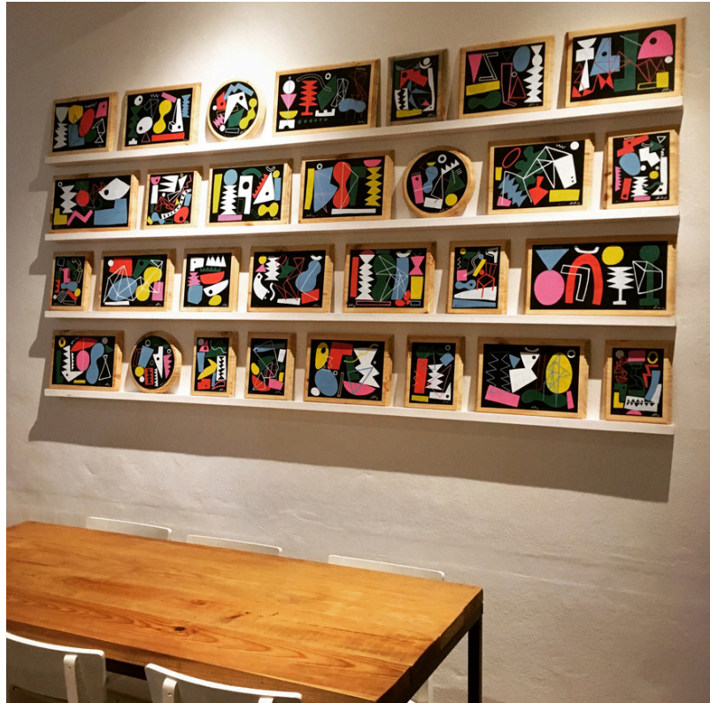
los locos restaurant faro - painting installation 2020
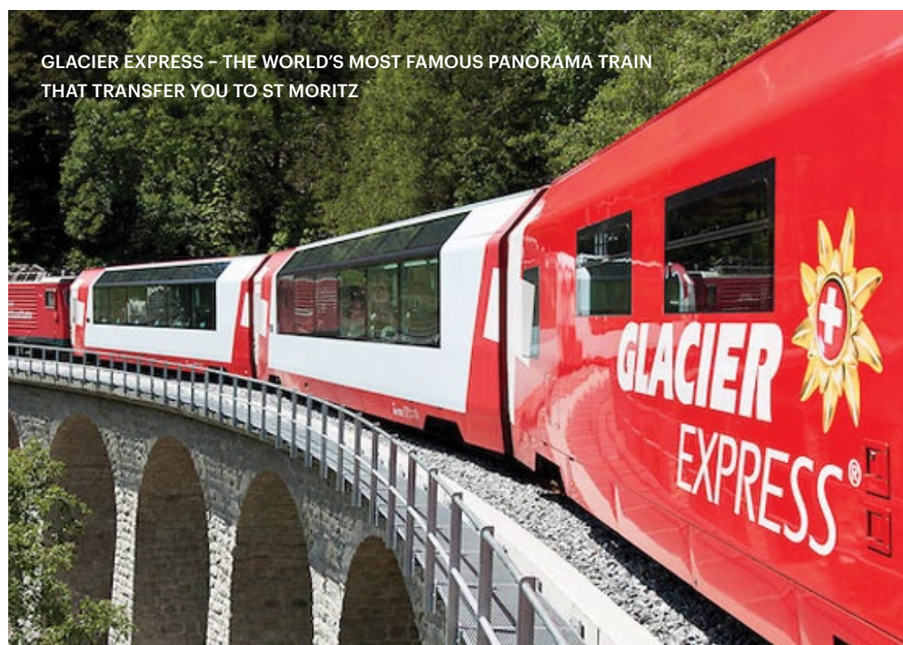
GLACIER EXPRESS – THE WORLD'S MOST FAMOUS PANORAMA TRAIN THAT TRANSFER YOU TO ST MORITZ
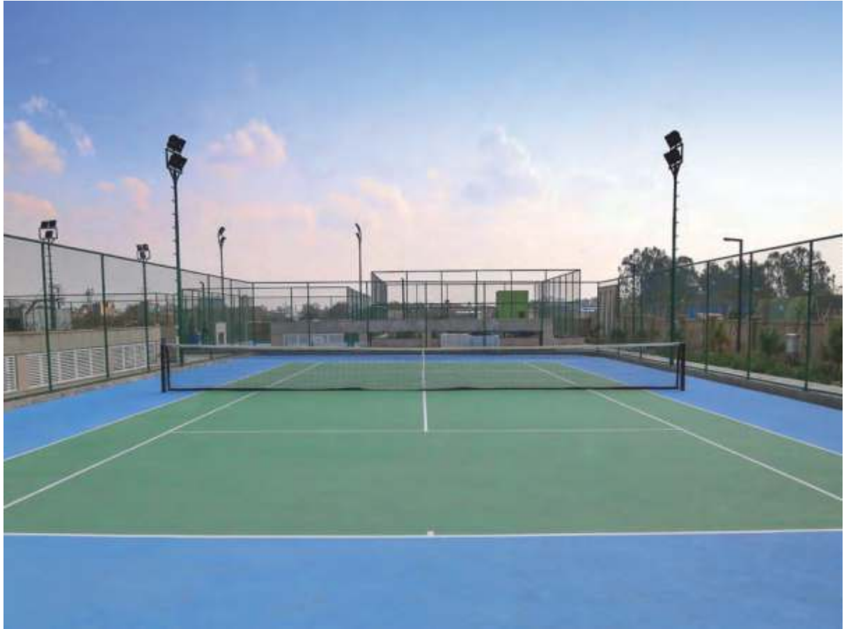
ACTUAL IMAGE OF TENNIS COURT

★ ★ ★

Task instructions – Would you set down each line of the data exactly, with no images included?

Answer box –
los locos restaurant faro - painting installation 2020
GLACIER EXPRESS – THE WORLD'S MOST FAMOUS PANORAMA TRAIN THAT TRANSFER YOU TO ST MORITZ
ACTUAL IMAGE OF TENNIS COURT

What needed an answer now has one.